◆ EXERCISE
The task requires repeating, word for word, the lines from the one with "Pohodlí se potkává" through the end of the material, leaving out all pictures.

== SUPPLIED INFORMATION

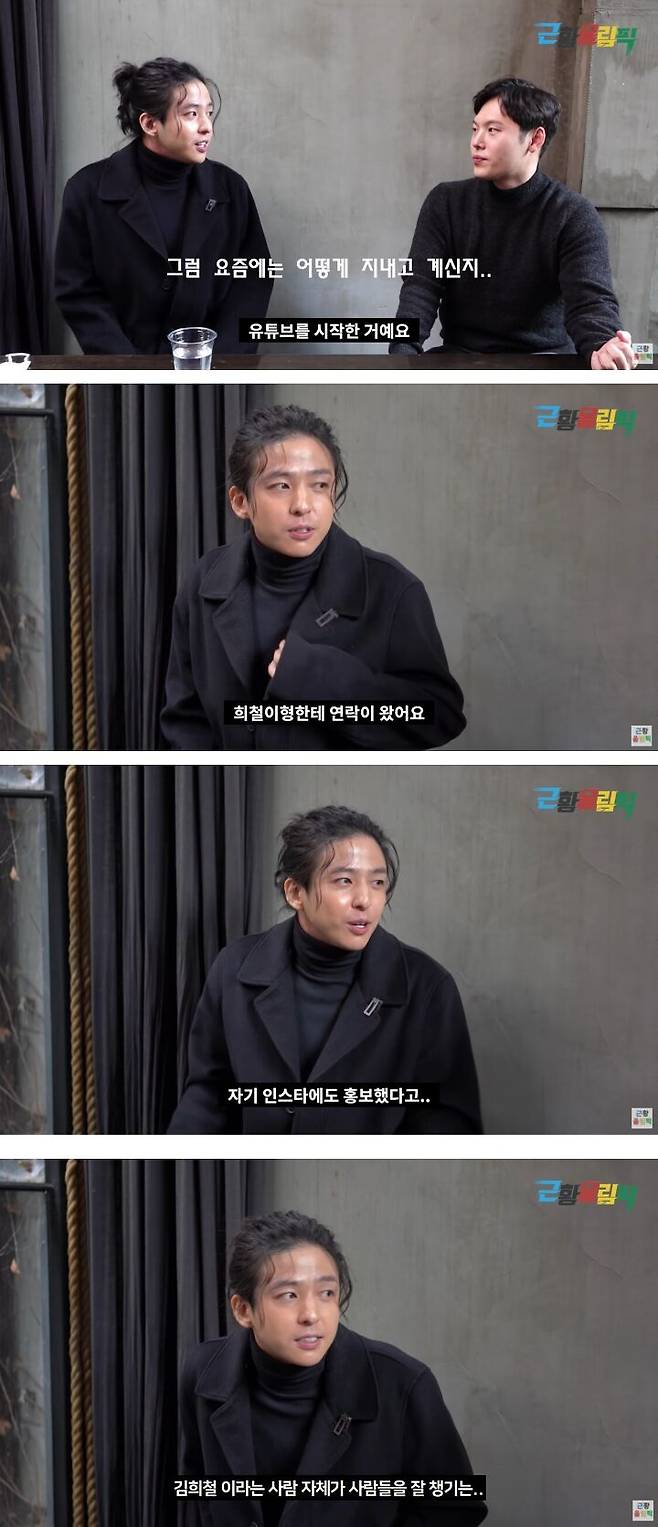 최근에 큰 사건은 유튜브를 시작한 거예요. 희철이 형한테 연락이 왔어요. '이름 영어로 어떻게 쓰냐?' 그러길래 알려줬는데 전혀 다르게 아이디를 만들었더라고요. 'KIM'인데 'GIM'으로 하고.. 자기가 다 만들어서 사진도 그 형이 고른 거고 '2분, 3분 정도 인사 영상 찍어라' 해서 밖에 걷고 있을 때 그거 찍고 그냥 보낸 거예요 (첫 영상). 자기 인스타에도 홍보했다고 하고 이렇게까지 해주는데 이건 내가 좀 해봐야겠다 라는 생각이 들었어요. 영상 다 형이 올린 거예요. 김희철이라는 사람 자체가 사람들을 잘 챙겨요.
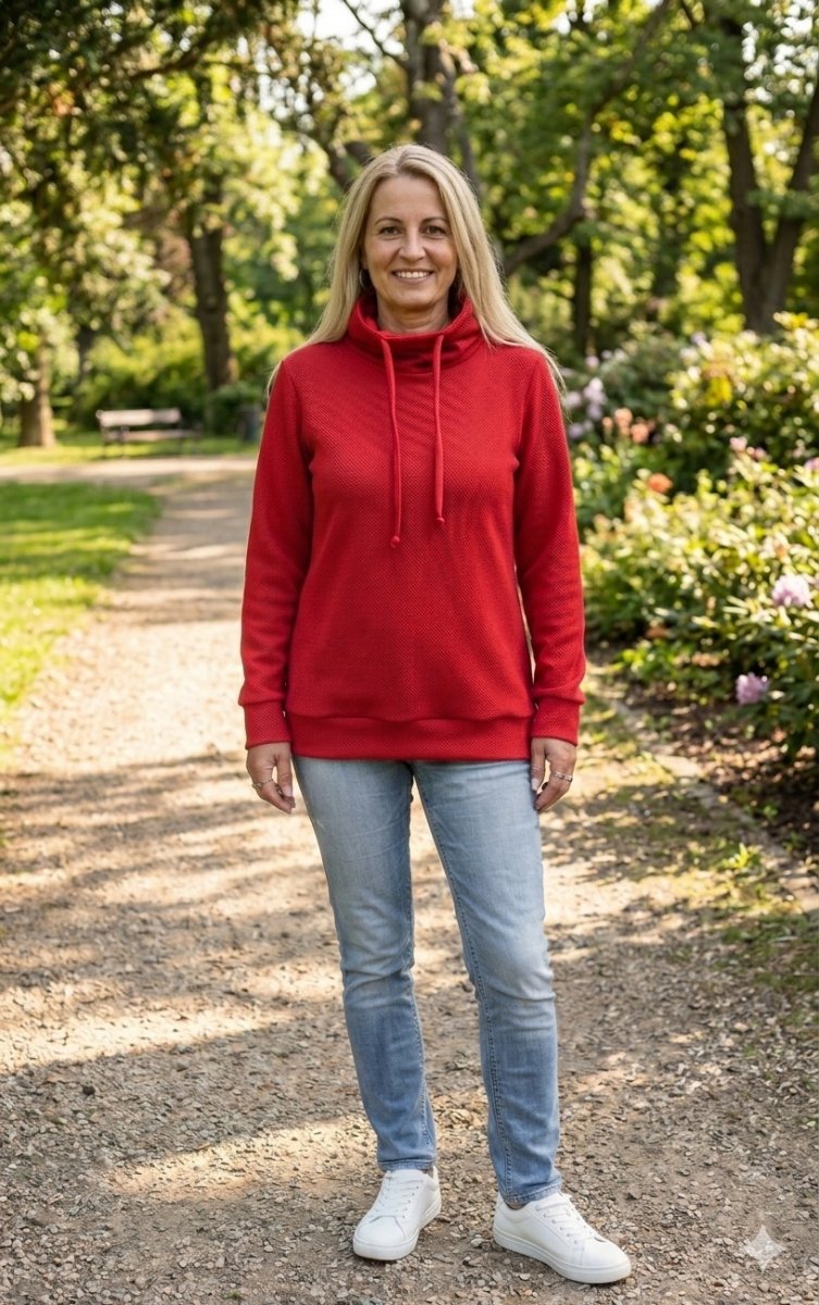 Pohodlí se potkává s promyšleným střihem. Tato mikina je ideální volbou pro ženy, které nechtějí dělat kompromisy mezi komfortem a vzhledem.
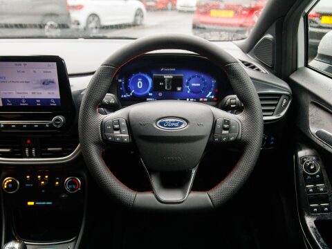 This 2022 Ford Puma ST Line offers exceptional value with only one owner and a remarkably low mileage of 20,224 miles for its age. This stylish compact SUV is powered by an efficient 1.0 litre petrol hybrid engine, meeting Euro 6 emission standards. Inside, you'll find the user friendly Ford SYNC 3 Navigation system, complete with Android Auto and Apple CarPlay for seamless smartphone integration, plus Bluetooth connectivity. For added convenience, it includes rear parking sensors with parking assistance and manual air conditioning to keep you comfortable on every journey.

====

◆ RESULT
 Pohodlí se potkává s promyšleným střihem. Tato mikina je ideální volbou pro ženy, které nechtějí dělat kompromisy mezi komfortem a vzhledem.
 This 2022 Ford Puma ST Line offers exceptional value with only one owner and a remarkably low mileage of 20,224 miles for its age. This stylish compact SUV is powered by an efficient 1.0 litre petrol hybrid engine, meeting Euro 6 emission standards. Inside, you'll find the user friendly Ford SYNC 3 Navigation system, complete with Android Auto and Apple CarPlay for seamless smartphone integration, plus Bluetooth connectivity. For added convenience, it includes rear parking sensors with parking assistance and manual air conditioning to keep you comfortable on every journey.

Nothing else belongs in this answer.